Chairwoman of the Justice for all Women & Children group Laura Angela Collins, from London, received the first award for "intersectionality", due to her campaign for institutional redress.

Her mother was a survivor of an industrial school and St Vincent’s Magdalene laundry in Cork, where she was resident for 16 years, while her grandmother Angelina was confined there for 27 years and is buried in a mass grave with 72 other women.

On receiving the award, she said: “I personally feel this is for all the women in my family who walked before me, who were targeted – and told they couldn’t be proud of who they were – when we should all be allowed to be.”

Community award

Minnie Connors won the community award for organising the first Traveller-led group in Wexford.
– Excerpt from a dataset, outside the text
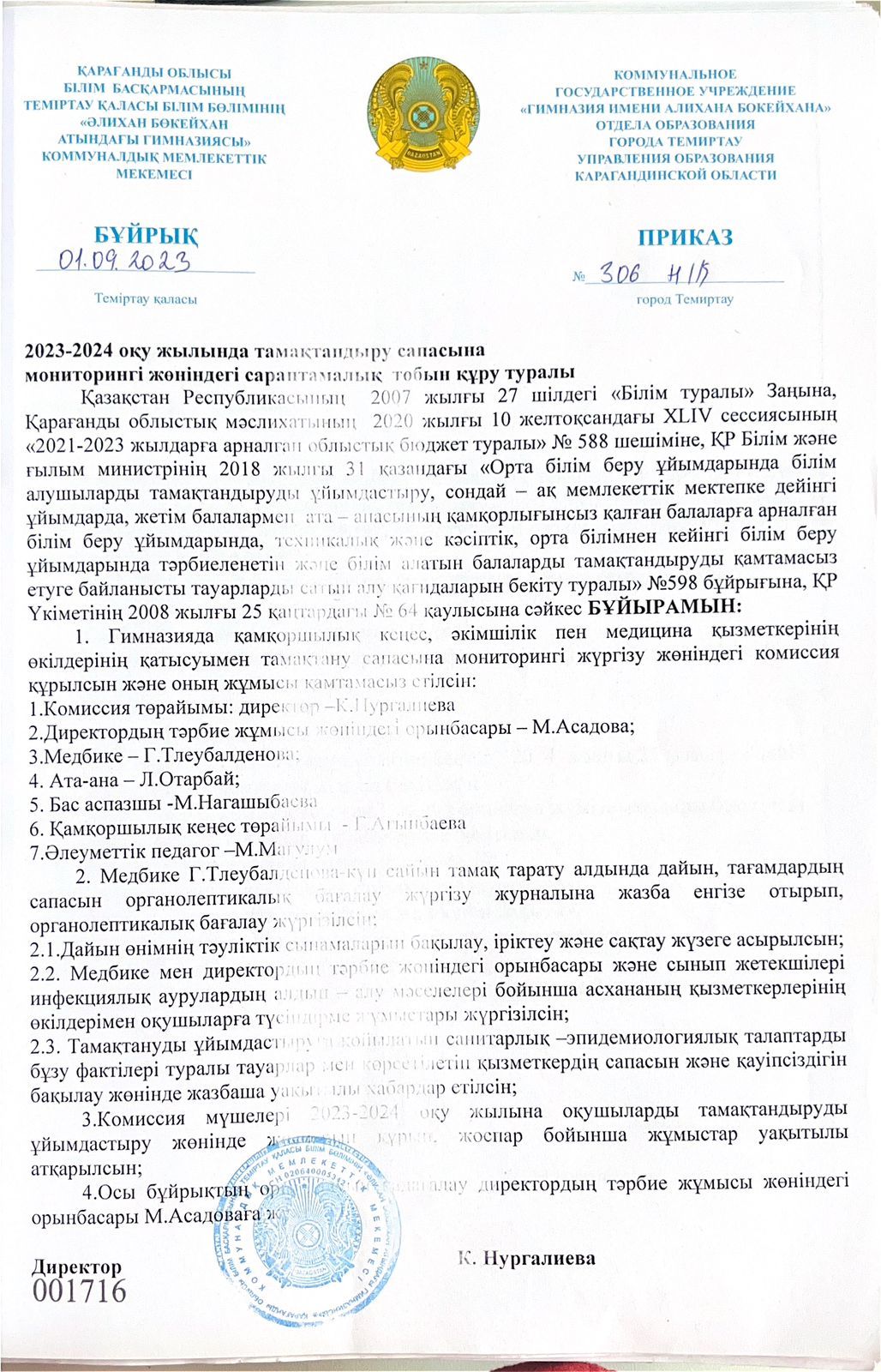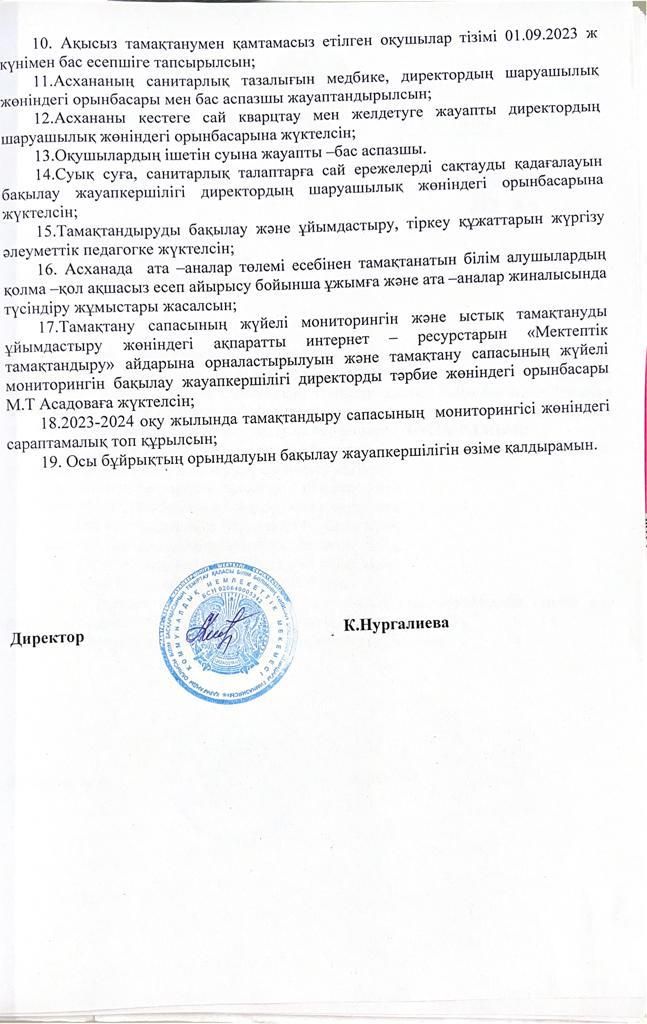 2023-2024 оқу жылындағы тамақтану сапасының мониторингі тобының жұмысы

Last July she lost her younger sister Alice to suicide, the ninth suicide in the family.

She formed the Wexford Traveller Mental Health Group, now known as the Wexford Traveller Development Group, with the primary aim of focusing on the mental health of Travellers. "This award means that my sister Alice didn't die for nothing," she said.

Oein De Bhairduin from Galway, who works in the Oireachtas office of Independent Senator Colette Kelleher, won the enterprise and employment award while the sport award went to 16-year-old boxer Thomas McDonnell from Dublin.
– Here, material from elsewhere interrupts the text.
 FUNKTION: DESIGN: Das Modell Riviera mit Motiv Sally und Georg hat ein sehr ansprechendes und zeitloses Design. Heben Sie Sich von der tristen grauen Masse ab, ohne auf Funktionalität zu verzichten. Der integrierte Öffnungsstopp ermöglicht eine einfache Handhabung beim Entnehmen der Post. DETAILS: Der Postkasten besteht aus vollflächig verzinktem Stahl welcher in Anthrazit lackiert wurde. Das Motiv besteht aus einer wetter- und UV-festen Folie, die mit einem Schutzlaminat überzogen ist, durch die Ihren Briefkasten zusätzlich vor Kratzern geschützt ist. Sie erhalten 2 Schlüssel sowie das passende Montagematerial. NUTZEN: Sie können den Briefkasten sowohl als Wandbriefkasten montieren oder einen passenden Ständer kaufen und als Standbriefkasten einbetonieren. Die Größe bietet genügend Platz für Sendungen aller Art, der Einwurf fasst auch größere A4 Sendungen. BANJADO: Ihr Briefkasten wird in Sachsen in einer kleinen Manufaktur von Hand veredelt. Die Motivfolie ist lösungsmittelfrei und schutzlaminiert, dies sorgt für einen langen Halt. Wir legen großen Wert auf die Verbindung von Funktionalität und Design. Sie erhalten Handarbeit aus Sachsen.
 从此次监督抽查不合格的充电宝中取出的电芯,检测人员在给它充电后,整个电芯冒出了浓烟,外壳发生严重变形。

Nikita Maughan (16) from Ballinrobe, Co Mayo won the youth award for her contribution to setting up a Traveller girls' group in the town and Maynooth University graduate Kathleen Lawrence from Dublin won the education award, as she begins a Masters in Human Rights at UCD. In 2017 she became the first Traveller to secure a place on the Washington Ireland Programme.
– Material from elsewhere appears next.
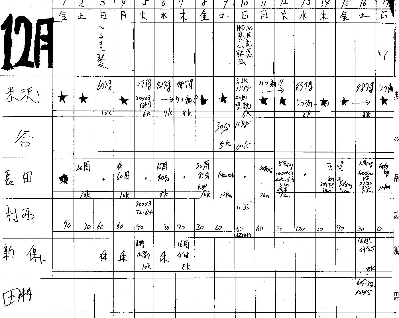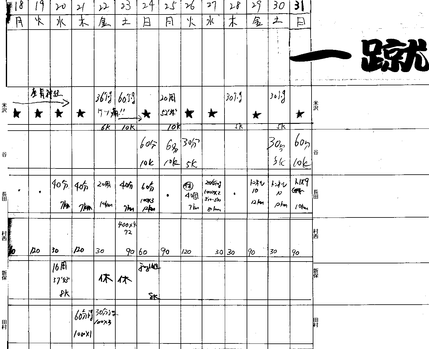 | 順位 | 選手 | 練習量 | 日平均 | 20km以上 | 備考 |

The Traveller Pride Awards are co-ordinated by the Irish Traveller Movement and jointly supported by eight Traveller organisations; Pavee Point, the National Traveller Women's Forum, Minceirs Whiden, Involve, Exchange House, the Parish of the Travelling People, National Traveller MABS, and Exchange House.

Among those presenting the awards were Ceann Comhairle of the Dáil Seán Ó Fearghaíl, Minister for State at the Department of Justice and Equality David Stanton, singer Mary Black, and historian Catherine Corless.

Mr Ó Fearghaíl told the gathering than an Oireachtas committee report on Traveller issues due to be completed later this year would “not be allowed to stay on its shelf”.

He confirmed a committee had been tasked over the course of six month to examine Traveller health, education, employability and housing, and to come up with proposals for the Government to implement

“Politicians like me talk about building a society and leaving nobody behind. The truth of the matter is that for generations we have left the Traveller community behind,” the Kildare South TD said.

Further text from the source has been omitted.